Oleh sebab itu, selain riset dan kebijakan, menurutnya perlu kampanye lebih intensif untuk menyorot eksistensi komodo sebagai satwa endemik Indonesia, terlepas dari keuntungan yang bisa didapatkan.
“Konservasi komodo bukan sekedar penyelamatan satu spesies langka, tetapi juga upaya menjaga keseimbangan ekosistem, kesehatan manusia, dan identitas bangsa," kata dia.
Peneliti Fakultas Kedokteran Hewan UGM lainnya Aji Winarso mengatakan, ancaman terhadap populasi komodo yang diperkirakan tinggal 3.000 ekor di dunia saat ini datang dari berbagai faktor.
Selain aktivitas manusia, beberapa faktor ancaman lain di antaranya seperti kerusakan habitat, fragmentasi, inbreeding atau kawin sedarah, kompetisi pakan dengan manusia, perubahan iklim, perdagangan ilegal, hingga penyakit zoonotik.
"Konservasi yang baik justru sebisa mungkin meminimalisir kontak antara satwa liar dengan manusia. Itu mengapa komodo disebut satwa liar, karena memang harus dilepasliarkan,” ujar Aji yang saat ini masih berkutat meneliti tentang komodo itu.
Aji menuturkan, bahwa konservasi tidak bisa dipisahkan dari masyarakat lokal. Ia menyebutkan tentang etno-konservasi di Pulau Komodo, yang memandang komodo sebagai saudara sepupu manusia, sehingga tidak ada pilihan selain ikut menjaganya meski seringkali komodo memburu ternak masyarakat.
Etno-konservasi menurutnya bisa menjadi prinsip untuk mencegah perilaku ekstraktif manusia yang memanfaatkan alam sebagai mata pencaharian.
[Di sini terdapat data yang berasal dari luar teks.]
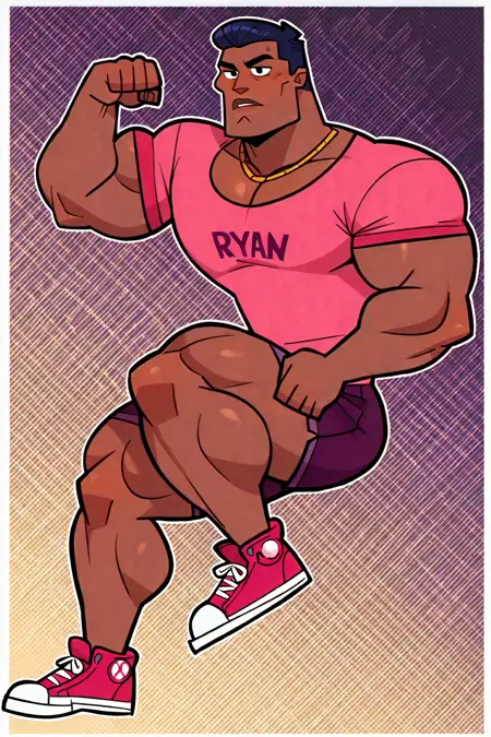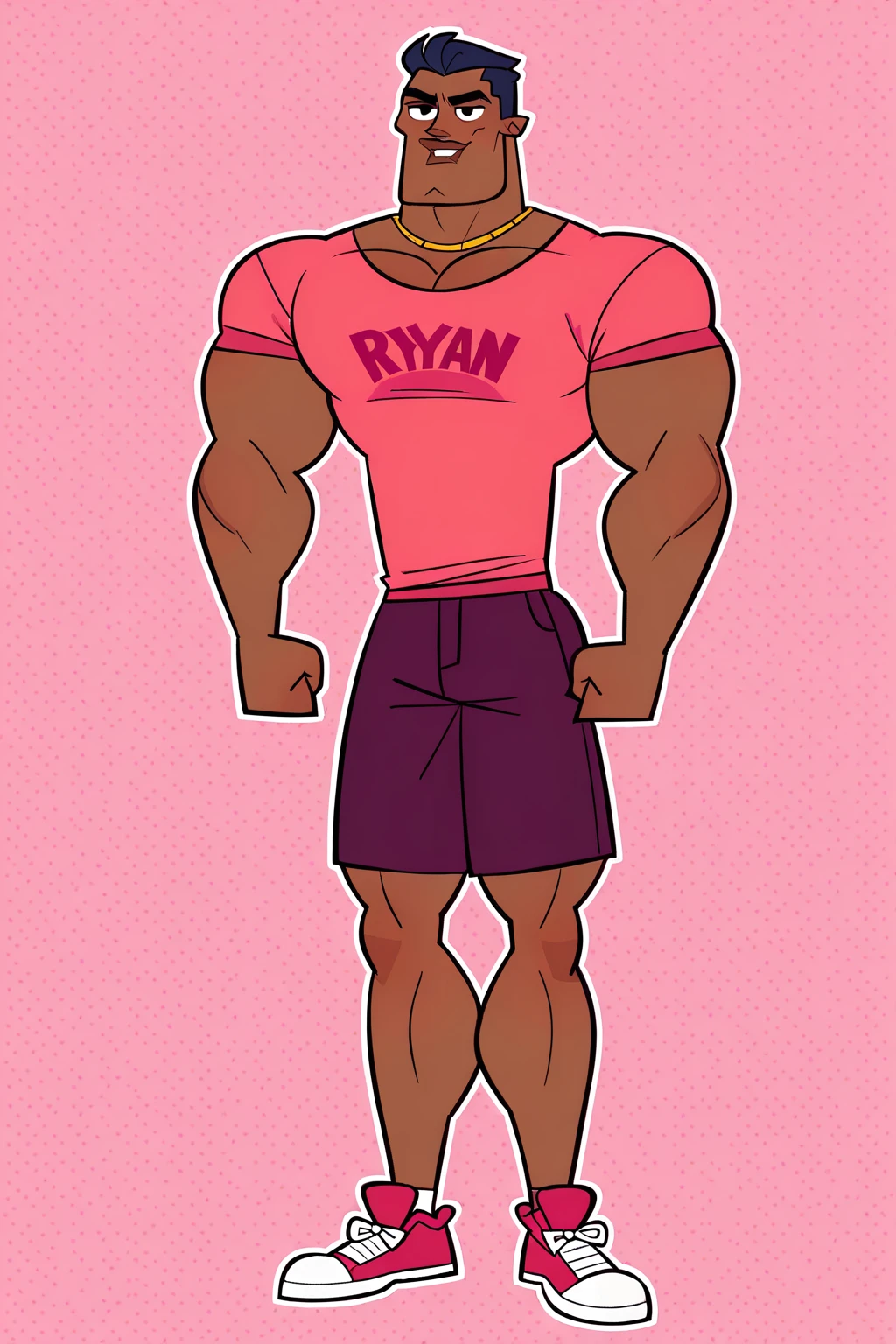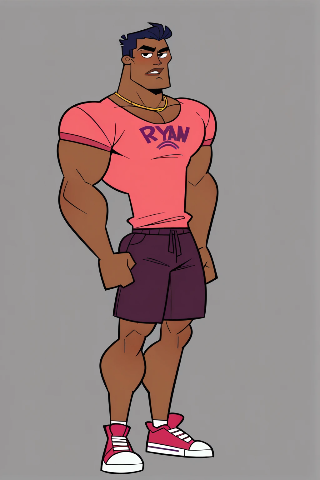 RyanTDRR, 1boy, dark skinned male, muscular build, pink t-shirt, dark purple shorts, red sneakers, short dark blue hair, lips, big lips, black eyes, yellow necklace, ryan (tdi),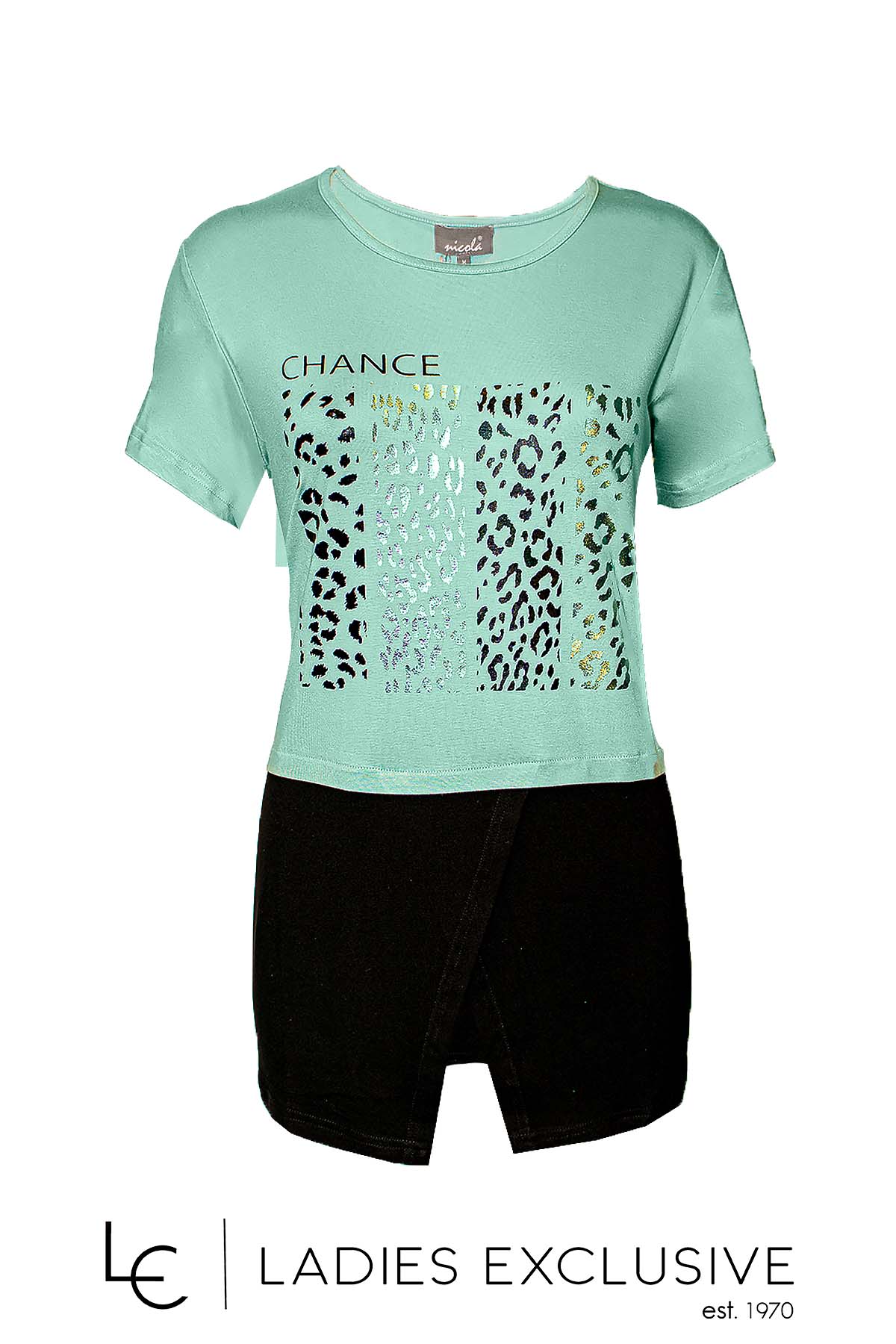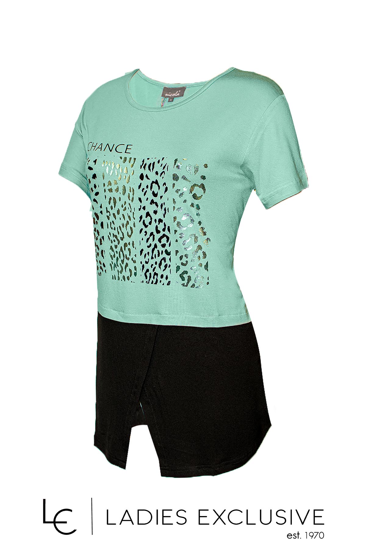 NICOLA Μπλούζα κοντομάνικη βεραμάν με στάμπα animal print και άνοιγμα στο μπροστινό μέρος.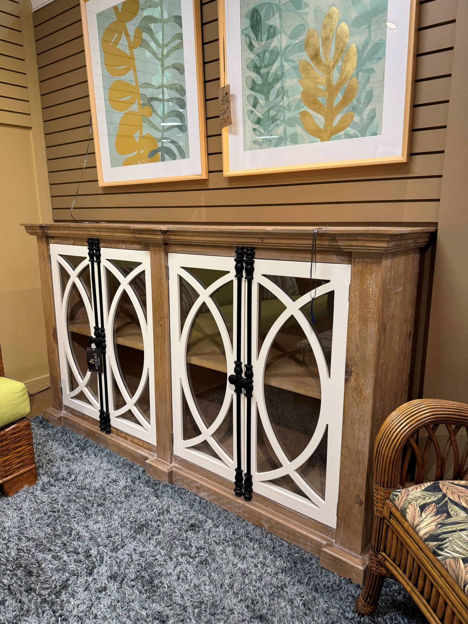 Pescara four door glass pane cabinet in a light weathered finish with contrasting white door fronts & black metal French casement hardware. This piece could be used in any room. 76"long x 19"deep x 44"high.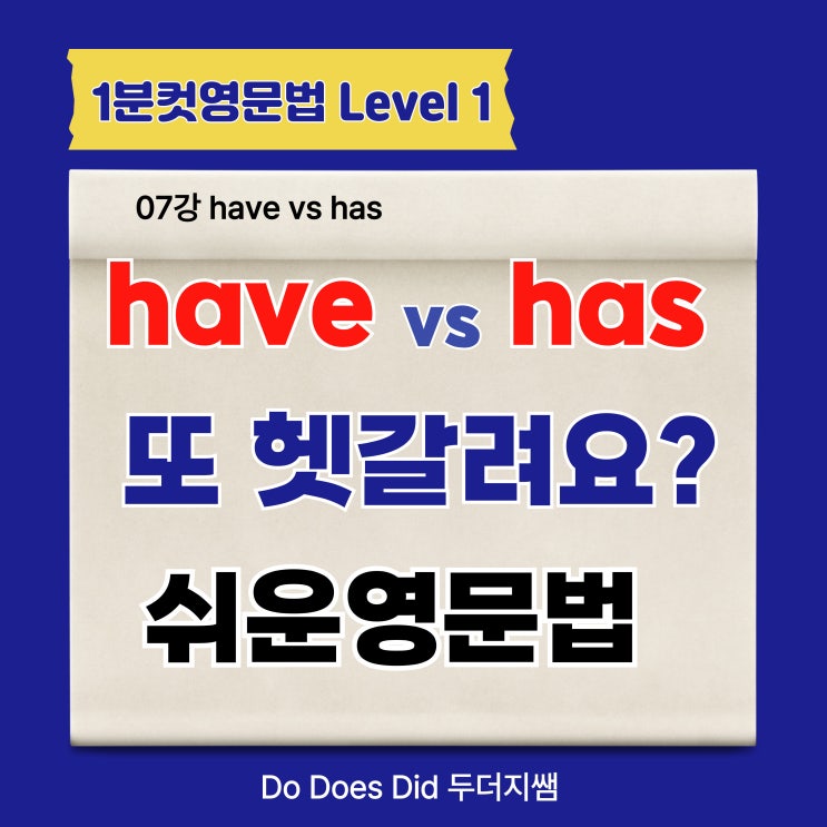 안녕하세요. 초등학생, 중학생 직접 가르치는 현직 학원선생님 1분컷영문법 저자 두더지 에이미쌤이에요. 수업하다 보면 꼭 나오는 질문이 있어요. “쌤… have예요? has예요? 이거 은근히 맨날 헷갈려요…” 맞아요. 기초영문법 have, has 차이 헷갈려해요. 근데 사실은요, 뜻은 동일하게 '가지고 있다' 라 쉬운데 문제는 단 하나예요! 영어문법 문제를 풀 때 동사가 아니라, 주어를 안 보고 풀어서 그래요. 제가 아이들한테 항상 먼저 시키는 게 있어요. 문제 막 풀지 말고 세모눈으로 째려보고 동그라미 치고 시작하기! 어디? 주어예요! 그럼 우리 초등 중등 제자들 가끔 "쌤.. 근데 주어가 어디 있어요?"바로 문장 맨 앞....... <img src="https://blogthumb.pstatic.net/MjAyNjAzMDFfMjMy/MDAxNzcyMzQ0MDQ1MzQ2.Ru69w6CtXBmSNgkI7wn4fWiQcJQTBKQ7w1Wbqyoirogg.vXDWNotior_Zp3CJfCReWth1M1Q9pHrZBCyeHAe-jIog.JPEG/have-has-%C2%F7%C0%CC%C1%A1-%B1%B8%BA%B0%C7%CF%B1%E2-009.jpg?type=s3" />

Selain itu, edukasi dan pemberdayaan pun menjadi strategi penting agar konservasi bisa selaras dengan kesejahteraan manusia.
Komodo sebagai satwa endemik Indonesia, telah berstatus endangered menurut IUCN sejak 2021 dan masuk pada Appendix I CITES, yakni hewan dilindungi yang populasinya terancam punah. "Diperkirakan jumlahnya hanya sekitar 3.300 ekor di dunia, keberadaan komodo perlu perhatian serius," ujarnya.